* [PROVIDED DATA]
┏━━

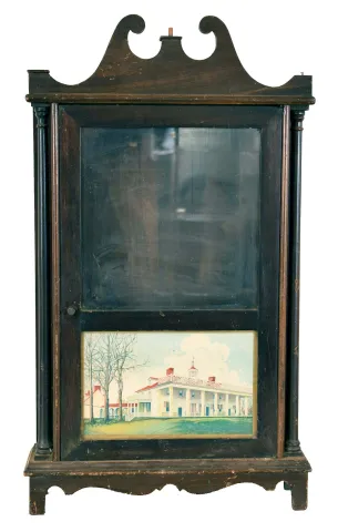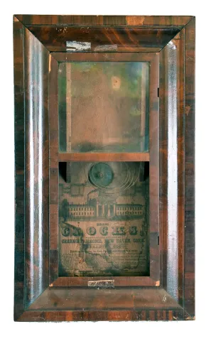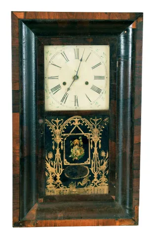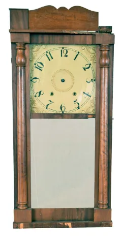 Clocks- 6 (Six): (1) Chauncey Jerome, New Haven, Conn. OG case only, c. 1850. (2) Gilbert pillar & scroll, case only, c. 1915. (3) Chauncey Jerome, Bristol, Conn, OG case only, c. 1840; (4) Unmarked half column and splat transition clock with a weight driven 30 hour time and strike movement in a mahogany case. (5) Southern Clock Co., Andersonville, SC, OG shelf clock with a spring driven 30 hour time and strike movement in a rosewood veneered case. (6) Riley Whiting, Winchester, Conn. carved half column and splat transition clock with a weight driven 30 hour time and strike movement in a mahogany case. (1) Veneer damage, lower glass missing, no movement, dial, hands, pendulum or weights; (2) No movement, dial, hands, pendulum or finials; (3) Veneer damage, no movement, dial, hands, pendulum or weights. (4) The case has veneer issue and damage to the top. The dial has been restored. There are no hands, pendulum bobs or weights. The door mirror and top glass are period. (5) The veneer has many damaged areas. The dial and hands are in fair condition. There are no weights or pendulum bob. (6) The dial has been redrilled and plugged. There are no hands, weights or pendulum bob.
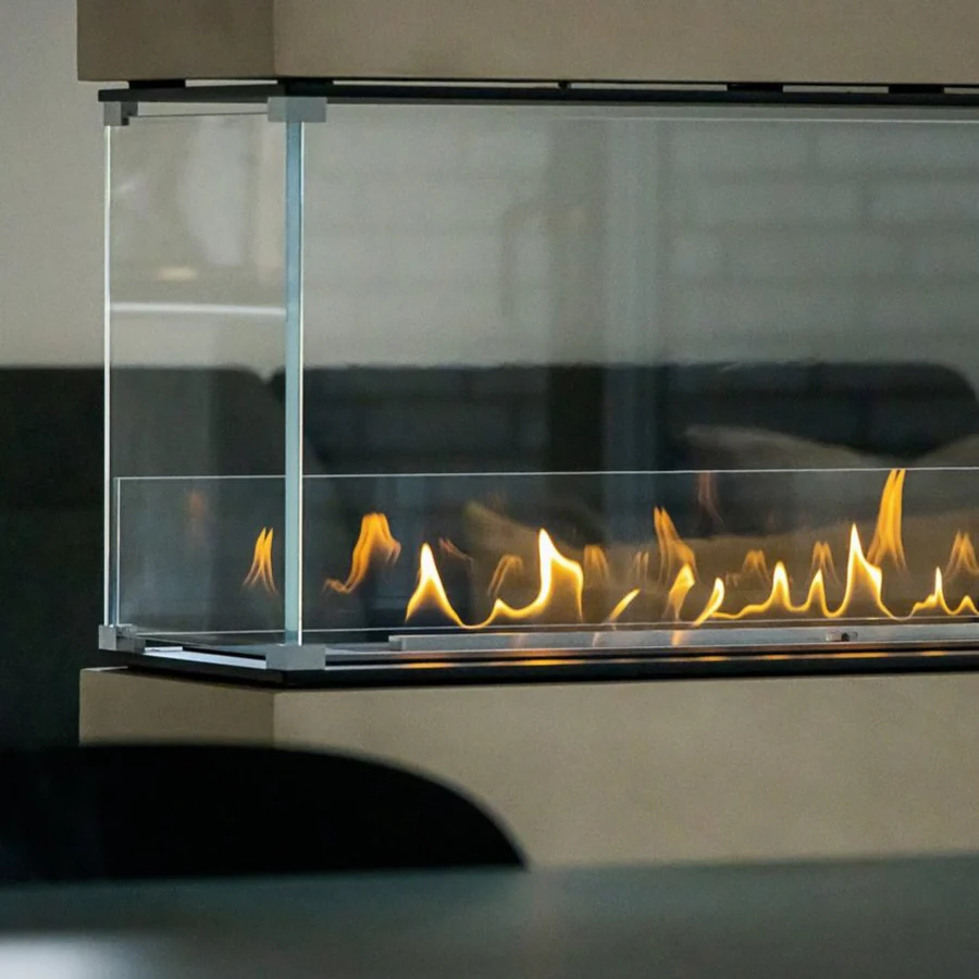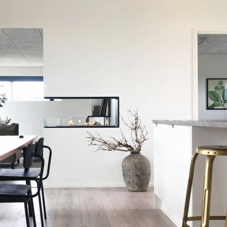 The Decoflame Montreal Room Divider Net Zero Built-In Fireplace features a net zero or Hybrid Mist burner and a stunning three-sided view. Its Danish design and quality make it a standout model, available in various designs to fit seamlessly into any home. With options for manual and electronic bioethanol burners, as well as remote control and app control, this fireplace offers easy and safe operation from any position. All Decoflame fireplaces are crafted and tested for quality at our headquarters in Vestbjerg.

┗━━
┏━━

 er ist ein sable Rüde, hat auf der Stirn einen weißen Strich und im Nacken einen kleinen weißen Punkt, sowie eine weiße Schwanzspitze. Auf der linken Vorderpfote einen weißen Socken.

┗━━

* [PROBLEM TO WORK ON] Above is the material; set down exactly its lines from the one containing "Clocks- 6 (Six): (1)" down to the one containing "The Decoflame Montreal", both included, leaving out any pictures.

* [RESPONSE BELOW]
 Clocks- 6 (Six): (1) Chauncey Jerome, New Haven, Conn. OG case only, c. 1850. (2) Gilbert pillar & scroll, case only, c. 1915. (3) Chauncey Jerome, Bristol, Conn, OG case only, c. 1840; (4) Unmarked half column and splat transition clock with a weight driven 30 hour time and strike movement in a mahogany case. (5) Southern Clock Co., Andersonville, SC, OG shelf clock with a spring driven 30 hour time and strike movement in a rosewood veneered case. (6) Riley Whiting, Winchester, Conn. carved half column and splat transition clock with a weight driven 30 hour time and strike movement in a mahogany case. (1) Veneer damage, lower glass missing, no movement, dial, hands, pendulum or weights; (2) No movement, dial, hands, pendulum or finials; (3) Veneer damage, no movement, dial, hands, pendulum or weights. (4) The case has veneer issue and damage to the top. The dial has been restored. There are no hands, pendulum bobs or weights. The door mirror and top glass are period. (5) The veneer has many damaged areas. The dial and hands are in fair condition. There are no weights or pendulum bob. (6) The dial has been redrilled and plugged. There are no hands, weights or pendulum bob.
 The Decoflame Montreal Room Divider Net Zero Built-In Fireplace features a net zero or Hybrid Mist burner and a stunning three-sided view. Its Danish design and quality make it a standout model, available in various designs to fit seamlessly into any home. With options for manual and electronic bioethanol burners, as well as remote control and app control, this fireplace offers easy and safe operation from any position. All Decoflame fireplaces are crafted and tested for quality at our headquarters in Vestbjerg.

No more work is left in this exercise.